Nothing but the lines from the one containing "sleeves. Mohair mix" to the end of the data should be copied, exactly, and the pictures stay out.

Provided material -
■ ■ ■

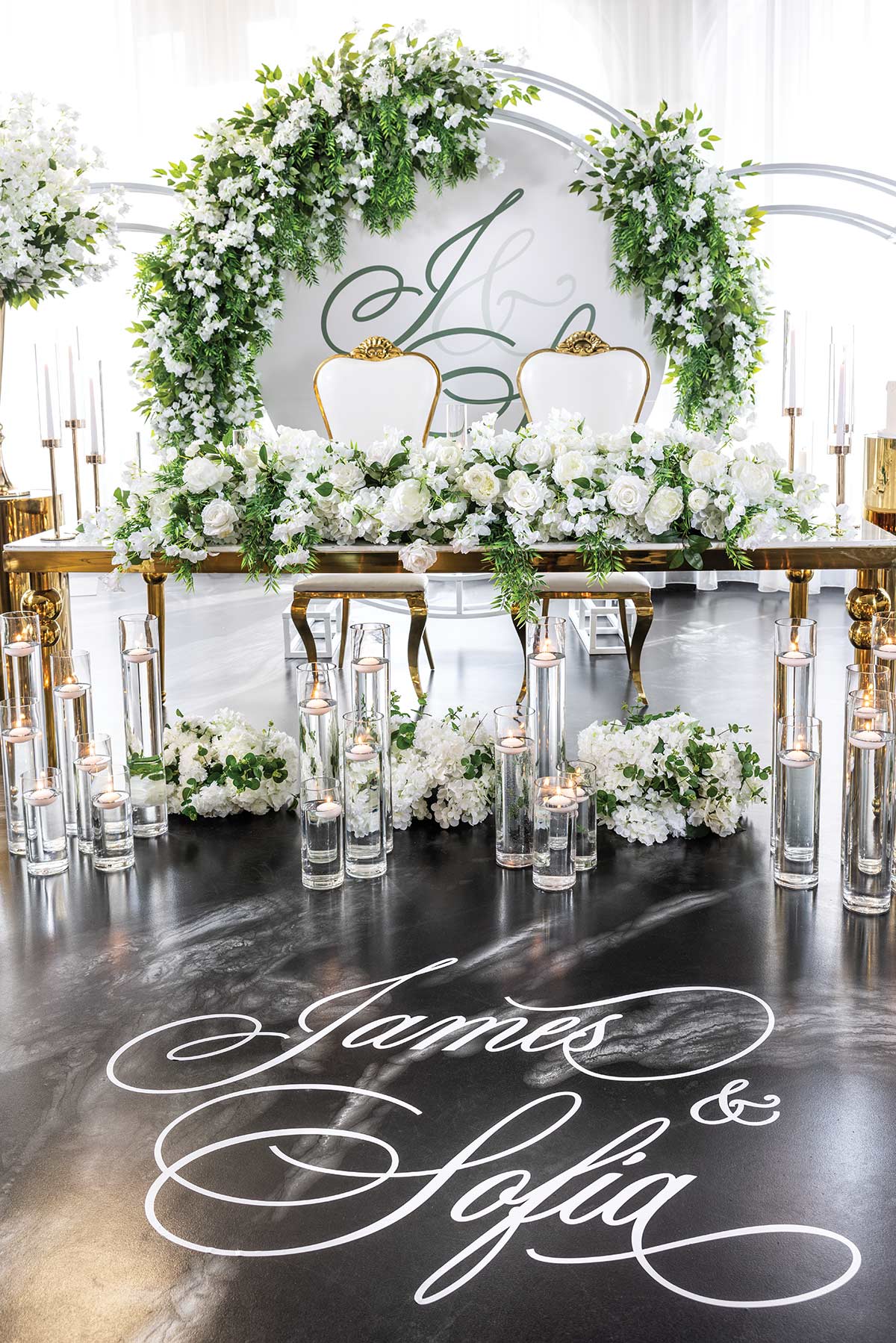 Imagine walking into a venue adorned with cascading greenery and delicate white florals, just like the lush arch framing the couple. The simplicity of white paired with vibrant green foliage brings nature’s beauty indoors, creating a fresh and romantic ambiance. Tables set with gold accents, soft candlelight, and ivory blooms elevate the sophistication while maintaining a natural charm.
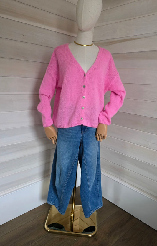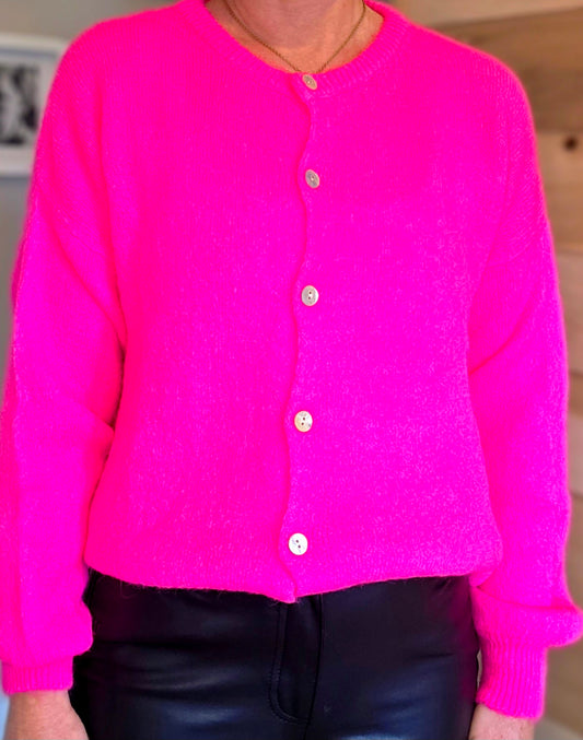 *Restocking. Pls select Notify me * Neon Pink V Neck Ladies Cardigan. Long sleeves. Mohair mix
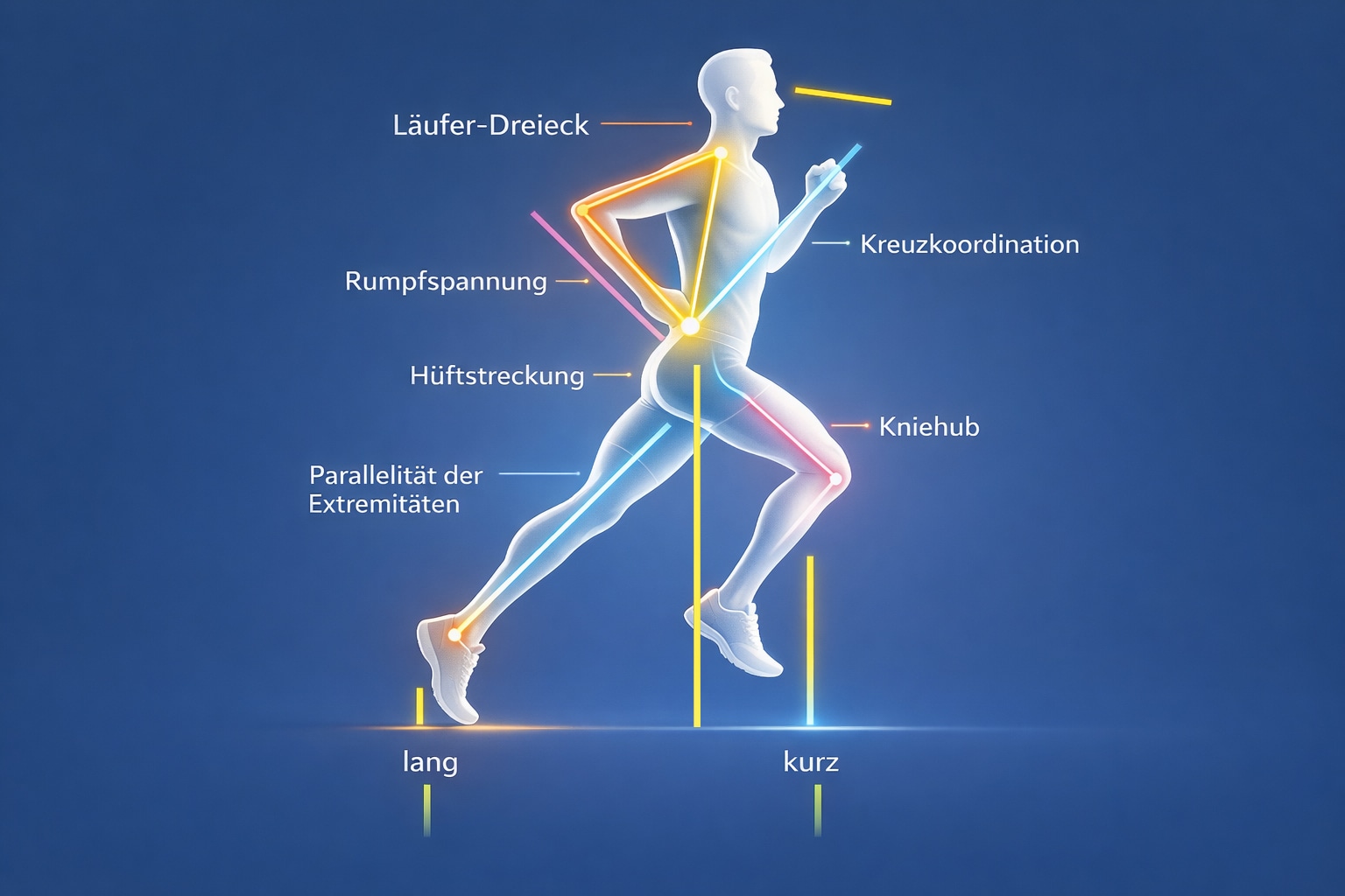 - Für einen effizienten Laufstil ist der Schritt vorne kurz und hinten lang, wobei die Hüfte in der Abdruckphase aktiv gestreckt werden soll. Ein stabiler Rumpf hilft dabei, die Kraft aus Hüfte und Bein gezielt nach vorne zu übertragen und Ausweichbewegungen zu vermeiden.

■ ■ ■

Finished task -
 *Restocking. Pls select Notify me * Neon Pink V Neck Ladies Cardigan. Long sleeves. Mohair mix
 - Für einen effizienten Laufstil ist der Schritt vorne kurz und hinten lang, wobei die Hüfte in der Abdruckphase aktiv gestreckt werden soll. Ein stabiler Rumpf hilft dabei, die Kraft aus Hüfte und Bein gezielt nach vorne zu übertragen und Ausweichbewegungen zu vermeiden.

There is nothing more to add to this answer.